Werkelijk alle personages zijn wanhopig. Ik vind dat Mitch
Cullin de moderne maatschappij heel goed heeft doorzien. Hij waarschuwde me wel
voor het feit dat er een verschil is tussen het lezen en het zien van dergelijke
gruwelijkheden. Ik weet niet of ik in Tideland grenzen heb overschreden, maar
dat merk ik snel genoeg als de film uitgaat.'
Heeft u daar al iets van
gemerkt op de festivals?
'In Spanje liepen mensen weg toen Jeliza-Rose haar
vader hielp met het spuiten van heroïne.'
Dat is tien minuten in de film!
'Tsja, in Spanje is heroïne volkomen taboe. Wist ik niet. Hahaha. Een andere
scène die veel stof deed opwaaien is als Jeliza-Rose make-up aanbrengt op het
gezicht van Dickens, een twintigjarige, zwakbegaafde jongen met wie ze
vriendschap sluit. En vooral als ze hem even later begint te kussen en de
slaapkamer in duwt.'
Het zijn ongemakkelijke scènes, maar het lijkt alsof
u zich daarin bewust heeft ingehouden.
'Ik wilde haar seksuele ontwaken
tonen, maar wel in alle onschuld. Ik wilde helemaal niet laten zien hoe een
tienjarig meisje geneukt wordt door een zwakbegaafde twintiger, maar er is wel
seksualiteit bij het meisje. Ik weet dat mensen die geld in deze film hebben
gestopt erg blij waren met deze scène. Ze waren namelijk doodsbang dat ik over
de grens zou gaan, maar dat deed ik niet.'
Maar is uw grens ook de onze?
'Niet noodzakelijkerwijs, hahaha. In al mijn films onderzoek ik waar de grenzen
liggen. Dat is juist zo leuk aan films maken, dat je je publiek een richting kan
opduwen waar ze anders nooit heen zouden gaan. En het grappige is dat ik
Jodelle Ferland, die Jeliza-Rose speelt, nauwelijks hoefde te regisseren. Zijn
maakte de keuzes. Zij deed dingen waarvan de crew af en toe dacht: nou nou. Neem
die make up-scène met Dickens. In een van de eerste opnamen raakte Brendan
Fletcher, die Dickens speelt, zijn tekst totaal kwijt omdat Jodelle zo agressief
was en hem helemaal in haar macht had. Dit kleine meisje nam hem over. Dat was
voor mij ook heel interessant om mee te maken.'
Was u niet bang dat
Jodelle verder ging dan ze aankon?
'Haar moeder was er de hele tijd bij en
we hebben nooit iets gedaan waarbij een van tweeën zich niet prettig voelde.'
Hoe heeft u Jodelle eigenlijk gevonden?
'Geluk, dom geluk.
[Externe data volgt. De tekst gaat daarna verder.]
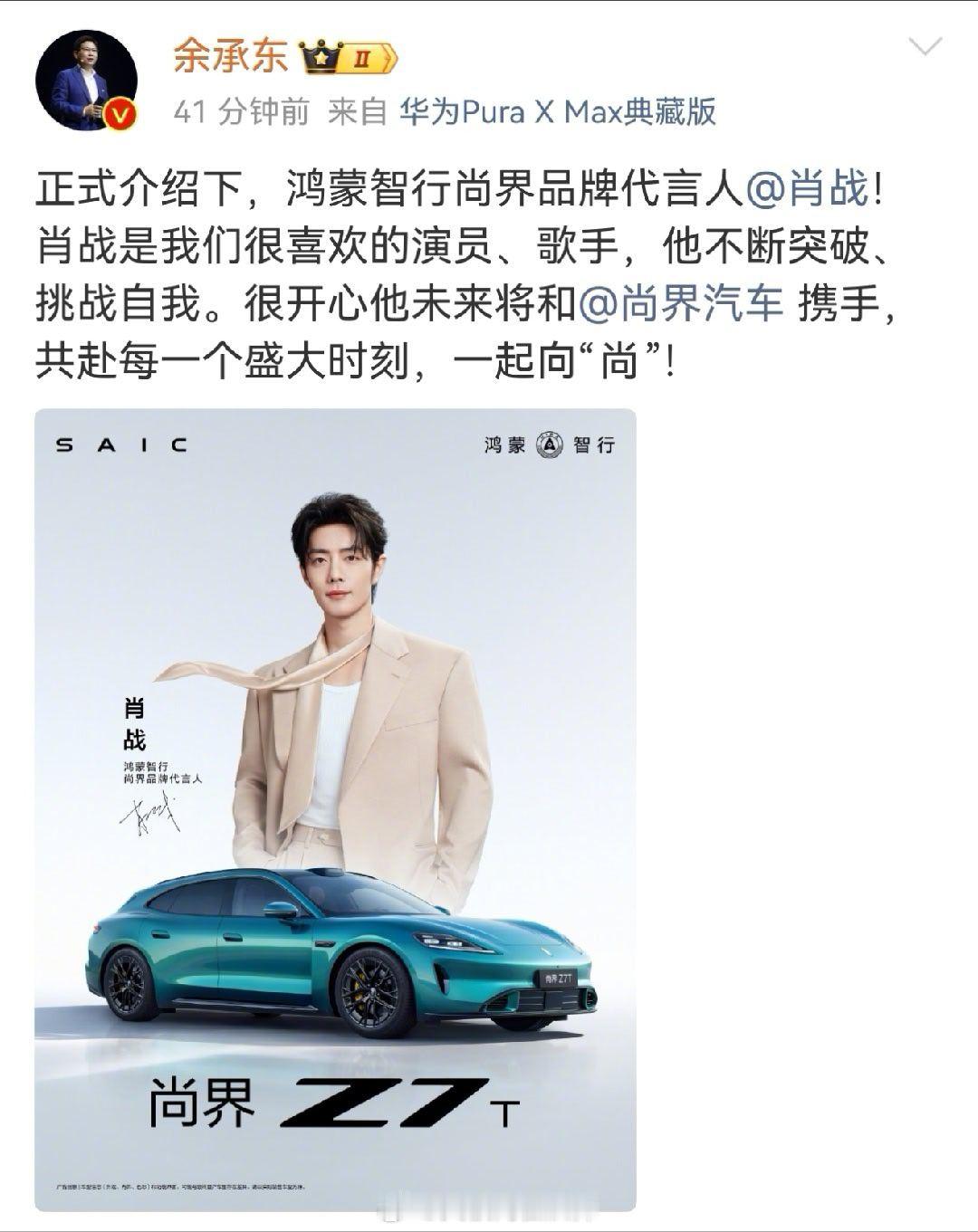 余承东官宣肖战尚界品牌代言人 果然肖战,尚界Z7/Z7T女车主比例应该会很高吧。
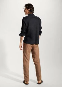100Â % lin, slim-fit, col classique, fermeture boutonnee sur le devant, tissu leger, manches longues, poche plaquee sur la poitrine, collection essentiels, la couleur bleu encre est une exclusivite en ligneComposition: 100% lin
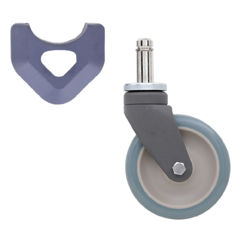 The Metro 5PCXM Quick Ship Polymer Stem Caster Swivel 5" Dia. is a versatile component designed for seamless mobility across various environments. Specifically engineered for use with all MetroMax posts and shelves, this caster incorporates a 5-inch diameter wheel with a 1-1/4-inch wide face, providing stability and ease of movement. The polyurethane wheel tread enhances durability while supporting a substantial load capacity of 300 pounds, making it suitable for both commercial and industrial applications. Operating efficiently within a temperature range of -20°F to 120°F, this caster is adaptable to a wide array of settings. The inclusion of Microban® antimicrobial product protection underscores its commitment to sanitation and hygiene, a crucial aspect for sectors that prioritize cleanliness. Certified by NSF, the caster adheres to stringent health and safety standards, adding another layer of reliability in environments where such compliance is imperative. Additional features, like the donut bumpers, further protect against accidental damage during movement. Overall, the Metro 5PCXM offers a compelling blend of resilience, flexibility, and compliance, catering to industries ranging from food service to healthcare, where mobility and hygiene are essential.

Zes weken voor
de opnamen hadden we nog steeds geen geschikte actrice gevonden. Een aantal
meisjes speelde heel goed, maar het bleef acteren. Omdat de film in Canada werd
opgenomen was contractueel vastgelegd dat het meisje uit Canada moest komen. Ik
kreeg op een gegeven moment een tape van haar onder ogen en wist meteen, dit is
Jeliza-Rose. In al mijn arrogantie dacht ik een nieuwe ster ontdekt te hebben,
bleek dat ze al acteerde vanaf haar vierde en in meer dan twintig films en tv-
producties had gespeeld. Hahaha.'
Hoe veranderde haar komst de film?
'Ze bedacht bijvoorbeeld zelf de stemmetjes van de afgerukte poppenhoofdjes. Dat
ze de hoofdjes als vingerpopjes moest gebruiken stond wel in boek en script,
maar zij verzon de accenten. En samen verzonnen we de karakters. De blonde is
wie ze eigenlijk wil zijn, de angstige wie ze is, en het beschadigde/groteske
hoofdje wie ze aan het worden is.'
Hoe nam u de rol met haar door?
'
Door haar weer te leren spelen. Ze was zo'n professional, dat ze niet eens wist
wat spelen was! Eigenlijk was het vooral dankzij Jeff Bridges, want toen hij
erbij kwam begon ze in te zien dat het mogelijk en ook toegestaan is om tussen
de opnamen door te spelen, iets waarvoor er tijdens al die vorige films geen
tijd was. En vanaf het moment dat ze begon te spelen, begon ze met eigen ideeën
te komen.'
De Tsjechische regisseur Jan Svankmajer, die net als u is
begonnen als animator, gelooft dat objecten een ziel hebben. Gelooft u dat ook?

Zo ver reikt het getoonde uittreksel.